EL AZAR DE LA MUJER RUBIA

Portada del libro
Portada de El azar de la mujer rubia. Manuel Vicent. Alfaguara

Tomábamos café, o té, en La Galería, cuando Juanjo dijo: Ahora estoy leyendo el nuevo libro de Manuel Vicent, El azar de la mujer rubia. ¿Recomendable?, dije yo. Muy recomendable, me dijo.  Jose se había levantado y, como se aproximaba el día de San José, le dije a Juanjo: No se lo comentes a Jose, intentaré buscarlo para regalárselo. Y así fue.

Ya pasado marzo, el libro había sido regalado y leído, pero antes, mientras Jose lo estaba leyendo, un día me dijo: Este libro te va a gustar. ¿Tú crees?, respondí. Seguro, contestó.

Terminé la lectura que entonces yo tenía entre manos, y otra más, y la siguiente y me decidí definitivamente por el libro. Aunque me atraía se me fueron interponiendo otros que tenía pendientes, que acababa de adquirir, que había ido a su presentación, que conocía al autor, que me habían recomendado. Y le llegó el turno, como por azar, a la mujer rubia. Ya el autor era una garantía. Y en cuatro días, acabado.

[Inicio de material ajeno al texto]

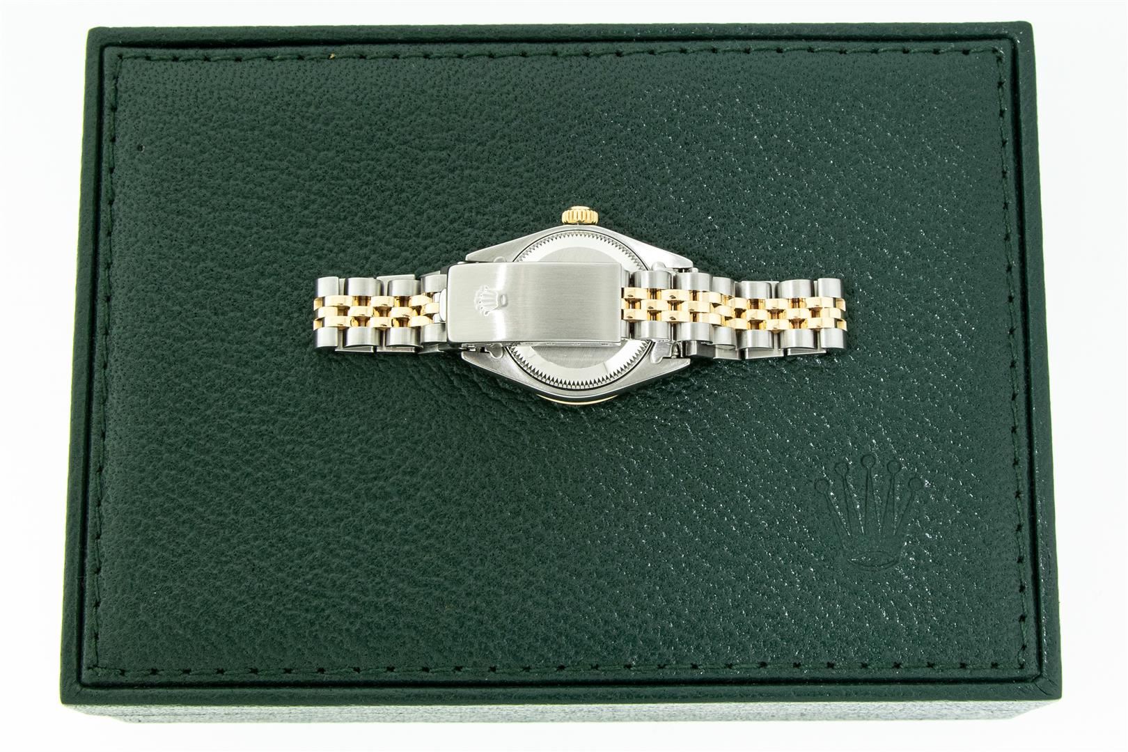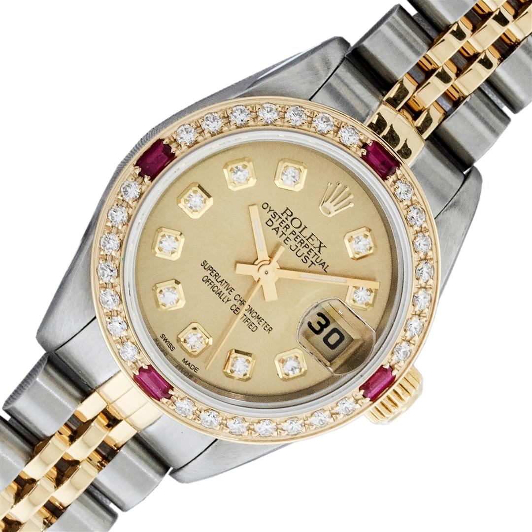 Rolex Ladies 18K Two Tone & Stainless Steel Rolex Datejust Polished, Serviced & Electronically Tested, 18K Yellow Gold & Stainless Steel Case: 26mm, Rolex 18K Yellow Gold Crown, Custom Bezel: New 18K Yellow Gold Ruby Beadset Diamond Bezel, Diamond + Gem Count: 28 Diamonds + 4 Rubies, Clarity: SI-VS, Color: G to H. Custom Crystal: New Sapphire With Magnified Date Window. Custom Hands: New Luminescent Hands. Rolex Movement: Automatic Winding Movement. Custom Dial: Refinished To Champagne With Custom Added Diamonds, Diamond Count: 10 Champagne Single Cut Diamonds in Dial, G To H In Color, VS Clarity. Date Window: 3 O'clock Position Date Display, Model: Datejust, Condition: G-6 Extra Fine. Rolex Bracelet: Two Tone 18K Yellow Gold & Stainless Steel Jubilee Band. Bright Polish. 6.0 Inch Length, Adjustable. Standard Clasp, With Rolex Logo. This Pre Owned Watch Has Been Serviced Time Tested And Is In Excellent Condition It Is Free Of All Scratches And Dents. This Watch Comes With A Rolex Box.
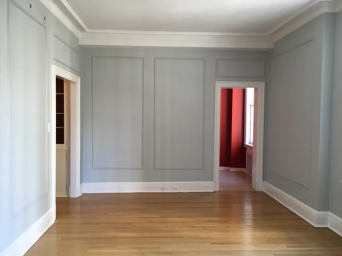 The ceiling was fully resurfaced, repainted, and upgraded with a detailed decorative ceiling medallion. Updated lighting fixtures were added to improve illumination and complement the room’s modern aesthetic.

Ahora, quizá alguna de las personas que lea estos párrafos, si alguien los lee claro, se pueda preguntar: ¿Recomendable?. Muy recomendable, respondo.

El 17 de julio de 2008, en la residencia de Adolfo Suárez en la Colonia La Florida, a las afueras de Madrid, el primer presidente español de la democracia y Juan Carlos I caminaban por el jardín. Este momento fue recogido por una sola fotografía tomada por Adolfo Suárez hijo, y la imagen atravesó todas las cámaras de televisión, se imprimió en todos los periódicos y entró en todas las casas. En ese preciso instante del corto paseo, el rey apoyaba el brazo en el hombro de Suárez con aire de protección. Un poco antes, en una ceremonia privada, le había entregado el preciado collar de la Orden del Toisón de Oro, tal vez en agradecimiento a su dedicación y trabajo patriótico o a su apoyo a la Corona. Pero el homenajeado apenas se enteró de lo que pasaba. Suárez vivía ya desde hacía tiempo entre nieblas y una nube a veces más espesa y negra, otras menos, enturbiaba su mente, su memoria, sus recuerdos. En la novela, estas nubes se vuelven espectros de hombres y mujeres que hicieron historia.

Este es el momento que aprovecha Manuel Vicent para tomar la mano de ese hombre desorientado y realizar un retrato, tan duro como elegante, de algunos momentos de la política española desde el momento de la llamada Transición hasta ahora. Un retrato que pudiéramos calificar de hiperrealista, en el que se nos muestra otra de sus caras, una que guardaba muchos secretos.  Y la conclusión a la que llegamos, al menos a la que yo llego después de contemplarlo, es que este país ha tenido pocos momentos buenos, aunque los de ahora sean especialmente malos. Y que sus políticos pocas veces han estado limpios de cualquier duda y cualquier sospecha.

Manuel Vicent demuestra ser un experto conocedor de la clase política y de la vida  de las últimas décadas, de los años de democracia española. Con expresión soberbia nos presenta momentos decisivos en la historia reciente de los españoles, desde el nombramiento de Adolfo Suárez como presidente hasta los enredos de Aznar. Todos ellos van apareciendo en la mente de ese hombre que, como perdido,  pasea junto al rey hacia un bosque espeso, y al que se le van apareciendo escenas más o menos inconexas, algunas posiblemente biográficas, otras lejos ya de su entendimiento: la muerte de Franco, el juramento del príncipe, el golpe militar del 23 F, la legalización del partido comunista, la guerra de Irak, una boda poco discreta en el Escorial, la sombra del Valle de los Caídos, y tantos otros. Y la bisagra entre el pasado y el presente de este hombre y entre él y el mundo es una mujer, una mujer rubia que apareció ¿por azar? y que propició algunas decisiones importantes. Esa mujer rubia es, en este libro, el tercer lado, el vértice de un triángulo formado por ella y los dos personajes de la foto.

Para entender la parte histórica del libro hay que poseer ciertas claves. Yo, por ejemplo, no las tengo, creo tener solo algunas de ellas. Para entender y, sobre todo, para disfrutar la parte de ficción, la puramente literaria y el juego brillante del autor, basta con leerlo con atención. Nada más. Y nada menos.

El estilo, como siempre en Vicent, impecable, particularísimo. Exquisito, sutil, y agudo. Con oficio y desenvoltura se mezclan metáforas, ironía, pero también, no puede ser de otra forma, tristeza y cierto desencanto. Y algunos capítulos, sencillamente magistrales.

¿Recomendable pues?. Muy recomendable.